Jealousy, 1895 by Edvard Munch
This painting brings together the Adam and Eve theme with the portrayal of Stainislaw Przybyszewski - Munch's Polish poet fried, with his prominent bearded features.
Przybyszewski's likeness in Jealousy has often been lined to Munch's presumably amorous relationship with the poet's wife, Dagny Juell, whom he painted in 1893 - the year of her marriage. the charged triangular situation, which in various degrees of recognizability reveals the features of the same protagonists, is also reflected in an oil of 1913 at the Munch-museet and in other related versions, among them Passion. Thus passion, jealousy, the biblical allegory of temptation, and an autobiographical incident converge in Munch's work, recurring in paintings and prints at different times.
The small Bergen oil is firmly structured and the definition of the picture planes is exceptionally clear. Przybyszewski occupies the extreme foreground, tree and door share the middle plane, and the quasi-biblical occurrence recedes into the distant picture space.

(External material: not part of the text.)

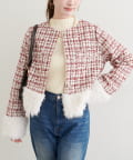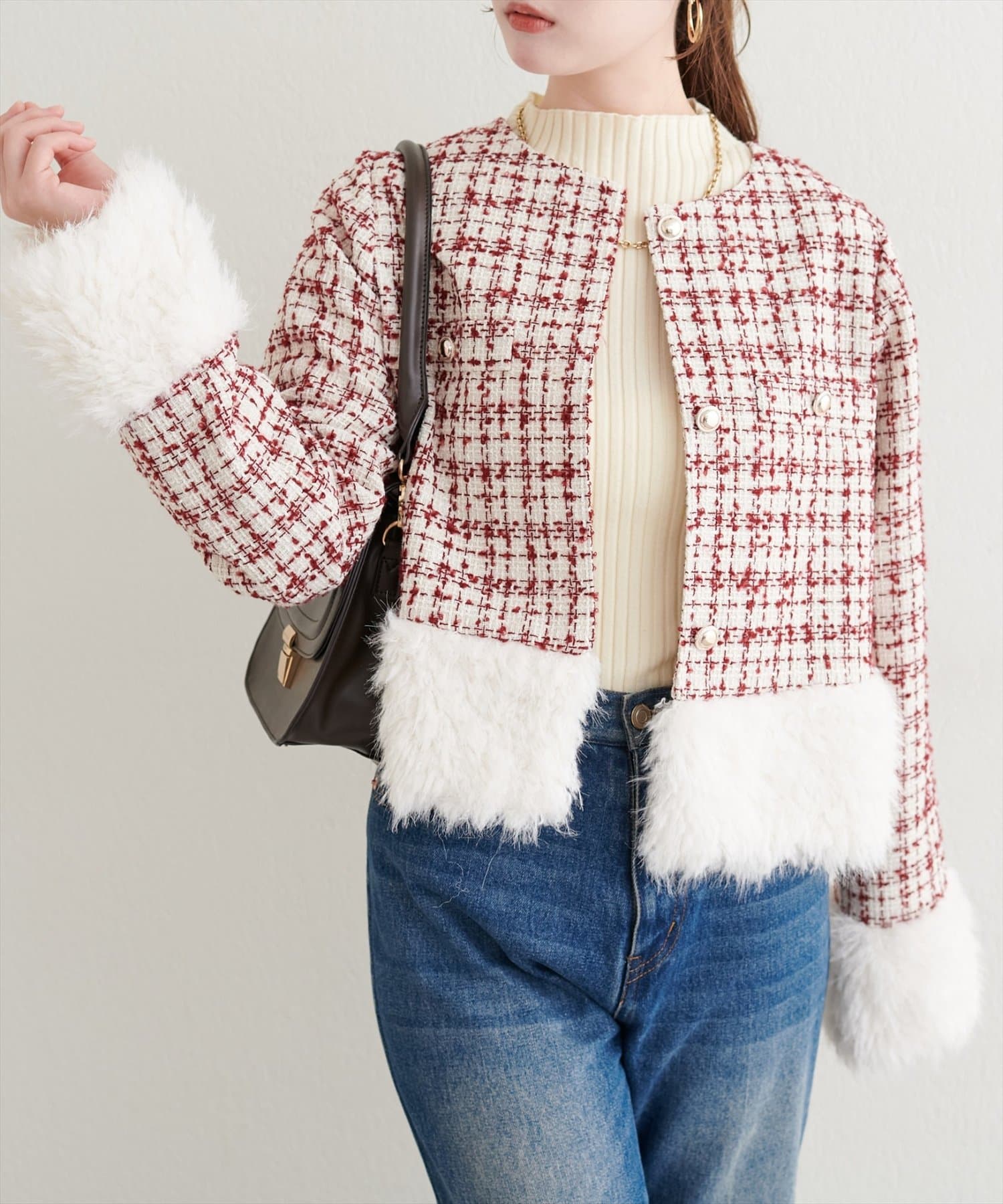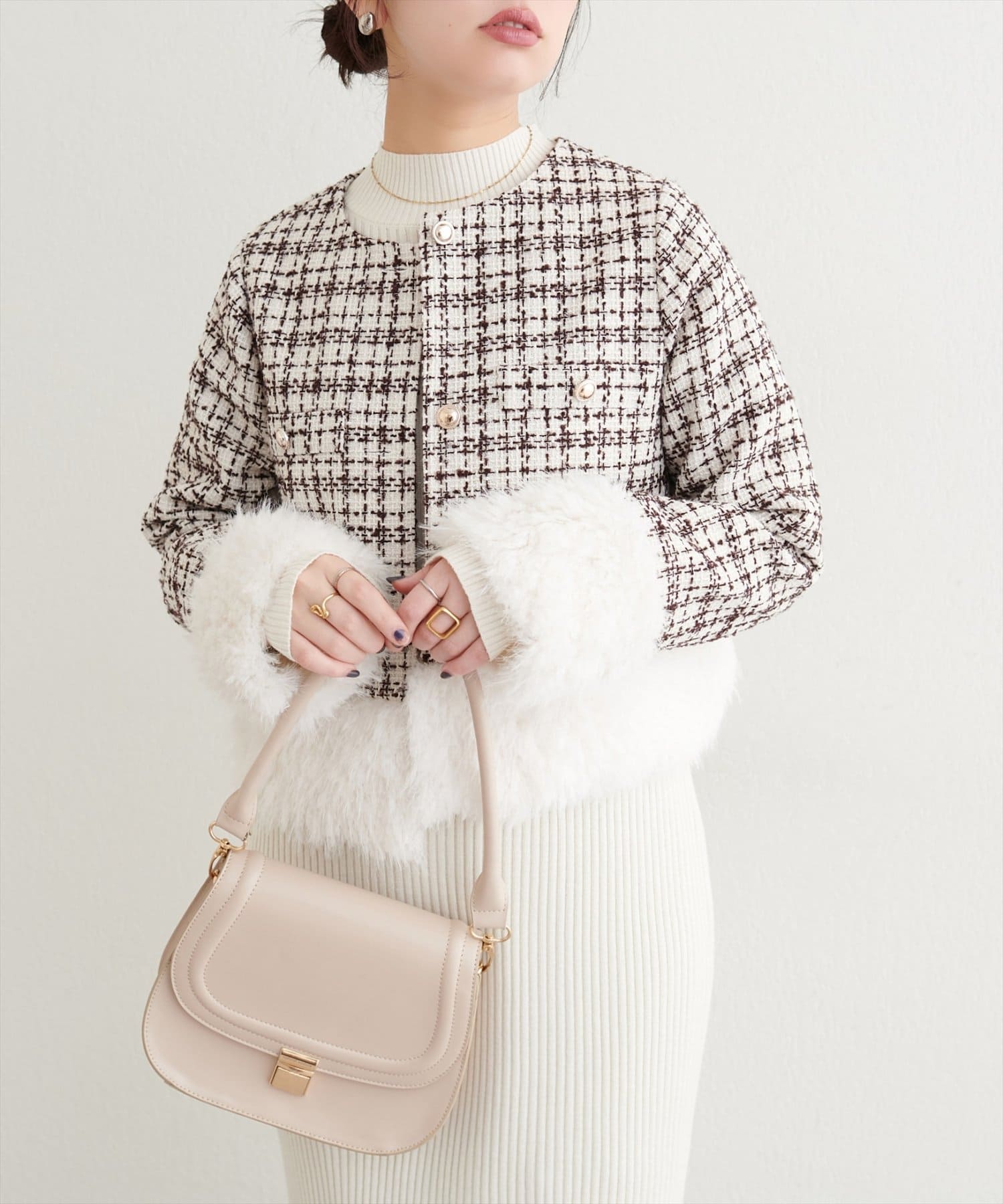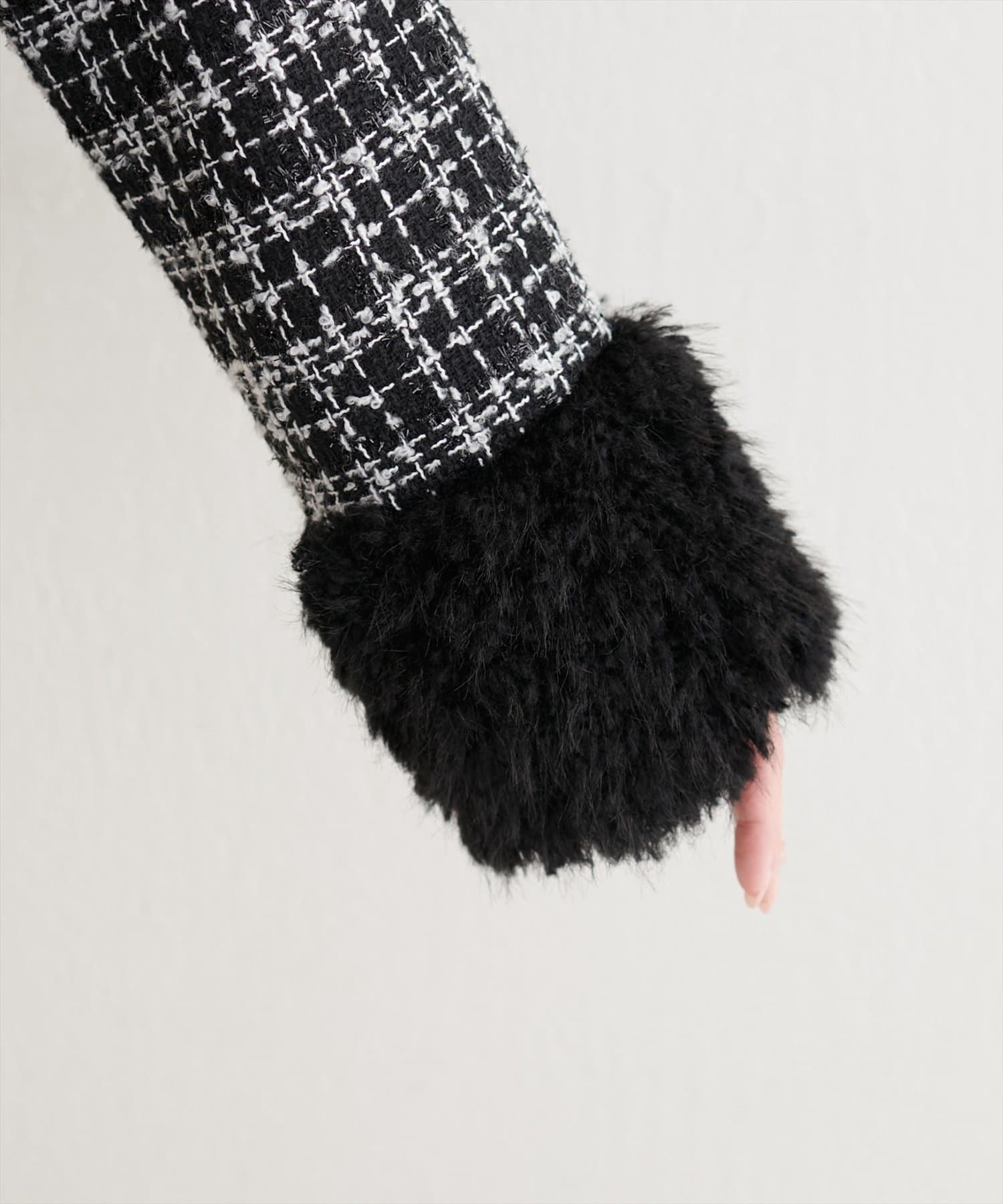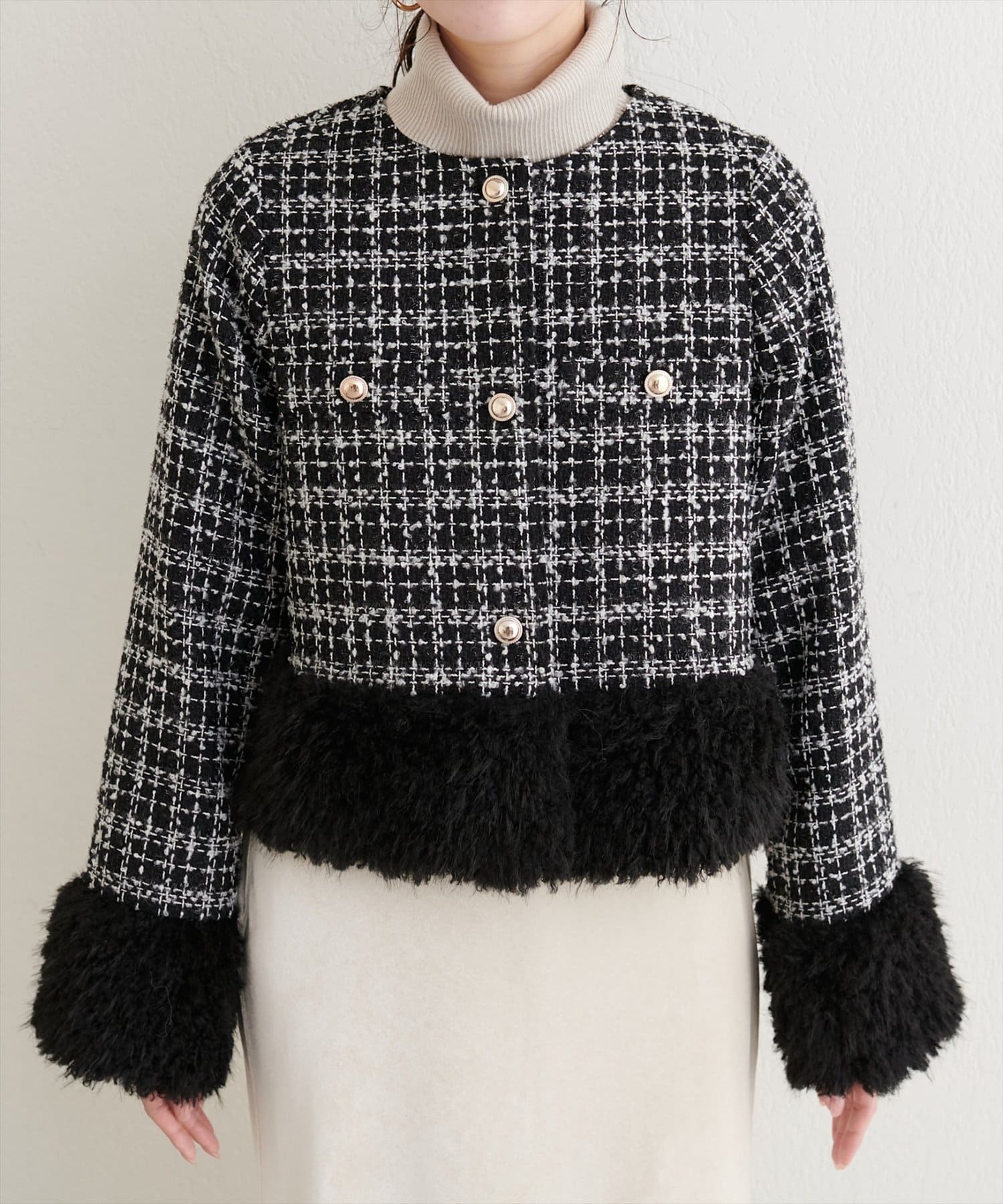 品の良いツイード生地に、裾と袖口にあしらわれたシャギーファーが、フェミニンで華やかな印象を与えます。

Munch here preserves the anonymity of the situation by lending recognizable features to Przybyszewski only. Eve, partly covered by a scarlet garments, exposes a naked front - much in the way of the central figure in the various versions of Woman in three Stages. She is pictured as she picks the fateful apple - an act translatable to the jealous mind of the brooding foreground figures as apprehension in flagrante delicto. Przybyszewski's colorless features are in effective contrast with the sensuous redness of Eve's face and flowing garment - a redness that in turn is echoed by the sinful apple and the potted plant posted before the door of Eden. Adam appears in modern dress. The deviation from biblical nudity serves, of course, to restate the old theme in a contemporary context. Whether intended or not, the clad and veiled bodies of the original sinners also suggest that their innocence had been impaired even before the modern reenactment of the fateful deed. A sinuous pattern envelops the work within a formal unity that comprises thinker and thought, dream and reality, lining Jealousy to the style of the 1890 known by such names as Art Nouveau and Jugendstil.